Walshe initially gained access to the paintings through a friend (the victim). Walshe was present when the victim first purchased a Warhol painting. Sometime after this purchase, the victim purchased the two Shadow paintings. Thereafter, while visiting the victim in South Korea, Walshe told the victim that he could sell some of the art for a good price. The victim agreed and let Walshe take the two Shadow paintings and other fine art pieces.
After Walshe took the items, the victim did not hear from Walshe and was unable to contact him. Eventually, the victim contacted a mutual friend, who met with Walshe and retrieved some of the art. On May 3, 2011, Walshe attempted to consign the Warhol paintings to a gallery in New York City, at which time he also had other art belonging to the victim. The gallery declined to accept the paintings because Walshe did not have a bill of sale.

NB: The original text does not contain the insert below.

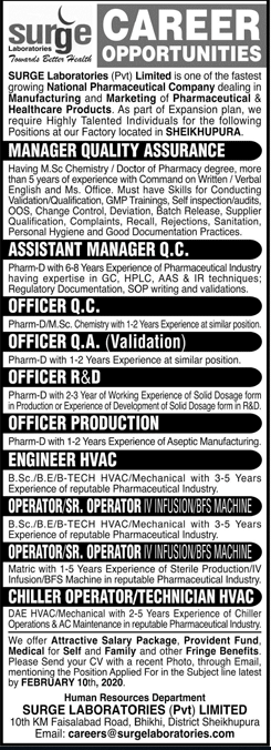 Surge Laboratories Pvt Ltd Career Opportunities Faculty Required in Sheikhupura

The charge of wire fraud provides for a sentence of up to 20 years in prison, three years of supervised release and a fine of $250,000. The charge of interstate transportation for a scheme to defraud provides for a sentence of up to 10 years in prison, three years of supervised release and a fine of $250,000. The charge of possession of converted goods provides for a sentence of up to 10 years in prison, three years of supervised release and a fine of $250,000. The charge of unlawful monetary transaction provides for a sentence of up to 10 years in prison, three years of supervised release and a fine of $250,000. Sentences are imposed by a federal district court judge based upon the U.S. Sentencing Guidelines and other statutory factors.
Acting United States Attorney Nathaniel R. Mendell and Joseph R. Bonavolonta, Special Agent in Charge of the Federal Bureau of Investigation, Boston Field Office made the announcement today. The Lynn Police Department provided assistance with the investigation. Assistant U.S. Attorney Timothy E. Moran and Kunal Pasricha of Mendell’s Criminal Division and Assistant U.S. Attorney David Lazarus, Chief of Mendell’s Asset Recovery Unit, are prosecuting the case.